Global collaboration is an innovative teaching tool that helps prepare students to become active participants in our global community. Global collaborative projects tap into many of the existing and emerging skills and literacies required of teachers and students: listening, reading, writing, speaking, problem solving, creating, and using technology to practice digital citizenship (NETS).

In fact, collaboration is included throughout the

Common Core Learning Standards. It states in both the K-5 and 6-12 standards for speaking and listening, “Prepare for and participate effectively in a range of conversations and collaborations with diverse partners, building on others’ ideas and expressing their own clearly and persuasively.” (CCLS, 2010) Global collaborative projects help to meet these standards. Many global collaborative projects currently exist that teachers can apply and participate in such as Flat Classroom Project, iEarn, and Classroom2.0. Teachers can also create their own global collaboration projects. Global partnerships are about making connections with other teachers and schools to benefit all students’ learning.

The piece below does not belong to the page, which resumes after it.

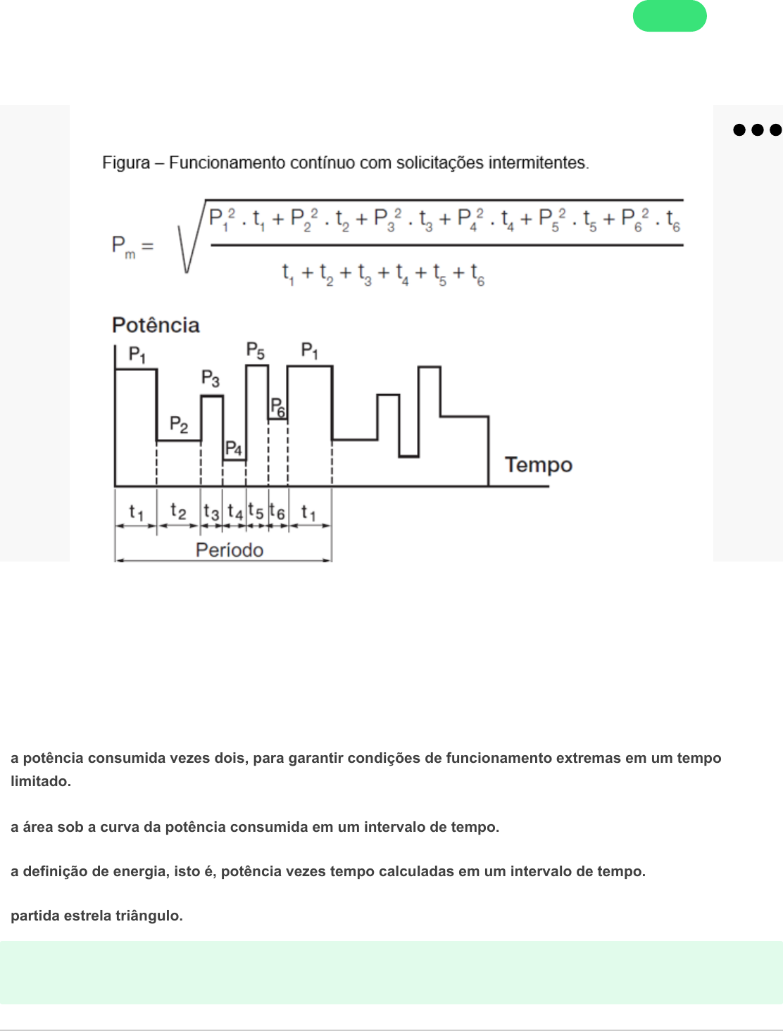 24/03/2023, 19:21 Comentários https://sereduc.blackboard.com/ultra/courses/_146737_1/outline/assessment/_7203716_1/overview/attempt/_24468468_1/review/inline-feedbac… 1/11 Ocultar opções de resposta Pergunta 1 1 / 1 Veja a seguinte figura, que representa uma equação da potência média do motor consumida em distintos intervalos de tempo, considerando que não existe repouso do motor. Fonte: WEG. Motores Elétricos guia de especificação. Rev. 22, Jaraguá do Sul: WEG EQUIPAMENTOS ELÉTRICOS S.A., 2019. p. 43. De acordo com a figura e os conteúdos estudados sobre especificações dos motores, é correto afirmar que, para motores de funcionamento contínuo com solicitações intermitentes, a potência média ao quadrado pode ser calculada como: a potência consumida vezes dois, para garantir condições de funcionamento extremas em um tempo limitado. a área sob a curva da potência consumida em um intervalo de tempo. a definição de energia, isto é, potência vezes tempo calculadas em um intervalo de tempo. partida estrela triângulo. Resposta correta a somatória da potência solicitada pelo motor ao quadrado em cada intervalo, dividida pelo período de funcionamento. 24/03/2023, 19:21 Comentários https://sereduc.blackboard.com/ultra/courses/_146737_1/outline/assessment/_7203716_1/overview/attempt/_24468468_1/review/inline-feedbac… 2/11 Ocultar opções de resposta Pergunta 2 Crédito total dado 1 / 1 Entre as especificações dos motores, existe uma classificação relacionada ao grau de proteção do motor, sendo alguns motores abertos e outros fechados, de acordo com o ambiente industrial onde funcionam. A forma define esse grau de proteção com as letras IP e dois algarismos. O primeiro representa a proteção contra sólidos pequenos e o segundo representa a proteção contra água. De acordo essas informações e os conteúdos estudados sobre especificações do motor, considere as seguintes nomeações de grau de proteção e relacione-as com a forma como cada uma funciona: 1) IP23 2) IP44 3) IP54 4) IP66 ( ) Máquina protegida contra corpos sólidos de dimensões acima de 1mm e contra projeções de água. Geralmente são tipos de motores fechados, protegidos contra toques com ferramentais. ( ) Máquina totalmente protegida contra poeira e contra jatos potentes de água, cujos motores estão protegidos completamente contra toque e são fechados. ( ) Máquina protegida contra corpos sólidos de dimensões acima de 12mm e contra aspersão de água. Esse tipo de motor também é protegido de toque com os dedos, apesar de ser um motor aberto. ( ) Máquina protegida contra poeira e contra projeções de água, sendo motores fechados, protegidos completamente contra toque. Agora, assinale a alternativa que apresenta a sequência correta: 2, 1, 4, 3. 3, 4, 2, 1. 3, 4, 1, 2. Resposta correta2, 4, 1, 3. 2, 1, 3, 4. Pergunta 3 1 / 1 24/03/2023, 19:21 Comentários https://sereduc.blackboard.com/ultra/courses/_146737_1/outline/assessment/_7203716_1/overview/attempt/_24468468_1/review/inline-feedbac… 3/11 Ocultar opções de resposta Existem várias formas de controlar a velocidade de um motor de indução, as quais se sustentam nas relações que as variáveis que descrevem o comportamento da máquina podem ter no comportamento da velocidade. As variáveis consideradas para alterar a velocidade são o número de pólos, a frequência e o escorregamento. De acordo essas informações e com os conteúdos estudados sobre como controlar um motor de indução, considere as seguintes formas de controlar a velocidade do motor e relacione-as com a forma como cada uma funciona: 1) Alteração do número de pólos. 2) Variação da frequência de linha. 3) Variação da tensão de linha. 4) Variação da resistência do rotor. ( ) Se aplica porque o conjugado de carga é diretamente proporcional ao quadrado da tensão e, quanto maior a carga, maior o escorregamento ( ) Se aplica porque a velocidade é inversamente proporcional a essa grandeza, sendo necessário que exista uma alteração construtiva pelo fabricante. ( ) Se aplica pois essa variável é diretamente proporcional à velocidade síncrona. Se o valor da velocidade síncrona mudar, também muda o valor da velocidade do motor. ( ) É possível para o motor de indução que tem rotor bobinado, não podendo ser aplicada no rotor com gaiola de esquilo. Agora, assinale a alternativa que apresenta a sequência correta: 2, 4, 1, 3. 3, 4, 1, 2. Resposta correta3, 1, 2, 4. 2, 1, 3, 4. 3, 4, 2, 1. Pergunta 4 1 / 1 24/03/2023, 19:21 Comentários https://sereduc.blackboard.com/ultra/courses/_146737_1/outline/assessment/_7203716_1/overview/attempt/_24468468_1/review/inline-feedbac… 4/11 Ocultar opções de resposta Veja a figura a seguir, na qual se apresentam as curvas de carga, perdas elétricas e temperatura de um motor com regime de serviço S9. Figura – Regime de serviço S9. Fonte: WEG. Motores Elétricos guia de especificação. Rev. 22, Jaraguá do Sul: WEG EQUIPAMENTOS ELÉTRICOS S.A., 2019. p. 41. Observe na figura que a rotação do motor se inicia por um tempo D. Durante o tempo L, a velocidade é constante. Durante um tempo F, o motor diminui a velocidade de forma linear e durante um tempo R ele está em repouso. Continue observando a figura e veja que o sentido de rotação se inverte e depois a velocidade aumenta em seguida a uma curva quadrática. De acordo com essas informações e os conteúdos estudados sobre especificações dos motores, pode-se afirmar que: Resposta corretao regime de serviço é não periódico. as perdas elétricas são maiores que para outros regímenes de serviços. o motor considera um tipo de partida reversora. o regime de serviço é de tempo limitado. a temperatura atingirá o valor máximo com mais facilidade. Pergunta 5 1 / 1 24/03/2023, 19:21 Comentários https://sereduc.blackboard.com/ultra/courses/_146737_1/outline/assessment/_7203716_1/overview/attempt/_24468468_1/review/inline-fee

These partnerships can be made through Twitter, blogs, conferences, and or even with teachers around your school district. At this fall’s Edscape Conference (http://edscapeconference.com), I connected with the educational coordinator from the Japan Society in New York City to establish a partnership between students at a school in Japan and my middle school students in Rye, New York. The global collaborative project benefits my seventh and eighth grade media literacy elective. During the semester course, I use Disney animated films to teach critical theories of 6


gender, race, class, and age. To broaden the unit, I add Japanese anime so students can understand how anime can be a window into other cultures around the world. Japanese anime becomes an exciting catalyst to spark conversation and global awareness among my students in New York and the students in Japan. The goal of this project is to expand my students’ world views of different cultures through media literacy and more specifically, anime. Communicating Prior to participating in the global project with the students from Japan, I spend a week setting up the project with my students. I teach netiquette and responsible digital citizenship. Teachers cannot assume that students know how to work together collaboratively in the classroom, let alone online. When working with students around the world, one must take into consideration language barriers and cultural differences as well. Teachers need to support students throughout a global project to help to facilitate successful collaboration and communication. To help initiate a discussion about working with others, I give my students different scenarios with “sticky” small group situations, and I ask them to brainstorm positive responses. For example, one scenario includes a small group with one student who acts as a dictator and completes all the work while other group members take a backseat to the project. Another scenario is about miscommunication among group members. In the third scenario one group member’s contributions are inaccurate, but the other group members do not want to hurt the student’s feelings and the work is wrong. My own students resolve these small group situations and create positive alternatives.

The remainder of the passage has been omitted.